### Exercise prompt
Transcribe only the lines of the listing below from the one holding "ของรัฐบาล จึงขอให้ประชาชนระมัดระวังในการอ่าน ส่ง" through the one holding "Phonograph Works Building", inclusive, without any change.

### Data in this exercise

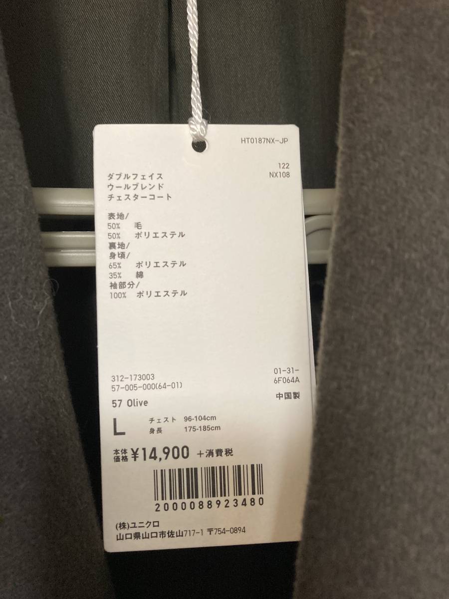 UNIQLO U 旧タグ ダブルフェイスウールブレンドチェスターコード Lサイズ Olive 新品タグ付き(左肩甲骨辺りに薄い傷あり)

* * *

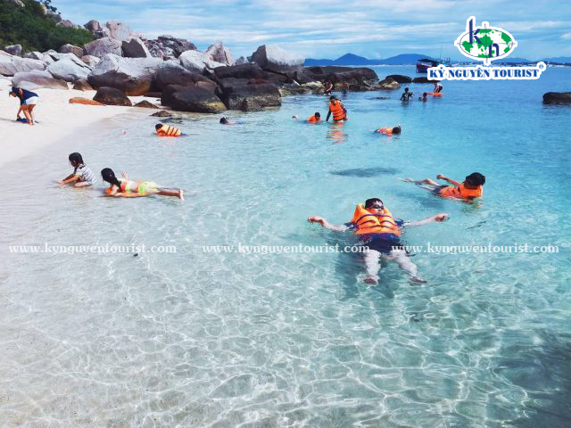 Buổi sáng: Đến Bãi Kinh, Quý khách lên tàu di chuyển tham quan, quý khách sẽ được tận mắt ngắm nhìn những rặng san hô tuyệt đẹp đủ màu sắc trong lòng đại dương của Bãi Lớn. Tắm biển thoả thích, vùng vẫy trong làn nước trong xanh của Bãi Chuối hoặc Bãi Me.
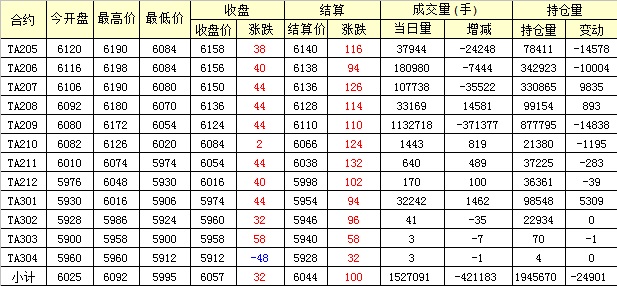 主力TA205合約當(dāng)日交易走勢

==

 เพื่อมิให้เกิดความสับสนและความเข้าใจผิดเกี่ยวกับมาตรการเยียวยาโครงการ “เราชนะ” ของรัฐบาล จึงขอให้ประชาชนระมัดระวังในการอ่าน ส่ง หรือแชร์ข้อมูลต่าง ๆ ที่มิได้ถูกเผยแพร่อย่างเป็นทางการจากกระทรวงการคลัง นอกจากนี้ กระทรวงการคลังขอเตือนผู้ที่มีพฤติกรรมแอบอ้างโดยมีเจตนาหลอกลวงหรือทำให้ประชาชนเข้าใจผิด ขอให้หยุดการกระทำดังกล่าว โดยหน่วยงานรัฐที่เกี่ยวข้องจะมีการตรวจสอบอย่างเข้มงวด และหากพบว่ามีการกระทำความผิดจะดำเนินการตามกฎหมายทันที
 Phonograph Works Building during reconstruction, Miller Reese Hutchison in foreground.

### The completed task
 เพื่อมิให้เกิดความสับสนและความเข้าใจผิดเกี่ยวกับมาตรการเยียวยาโครงการ “เราชนะ” ของรัฐบาล จึงขอให้ประชาชนระมัดระวังในการอ่าน ส่ง หรือแชร์ข้อมูลต่าง ๆ ที่มิได้ถูกเผยแพร่อย่างเป็นทางการจากกระทรวงการคลัง นอกจากนี้ กระทรวงการคลังขอเตือนผู้ที่มีพฤติกรรมแอบอ้างโดยมีเจตนาหลอกลวงหรือทำให้ประชาชนเข้าใจผิด ขอให้หยุดการกระทำดังกล่าว โดยหน่วยงานรัฐที่เกี่ยวข้องจะมีการตรวจสอบอย่างเข้มงวด และหากพบว่ามีการกระทำความผิดจะดำเนินการตามกฎหมายทันที
 Phonograph Works Building during reconstruction, Miller Reese Hutchison in foreground.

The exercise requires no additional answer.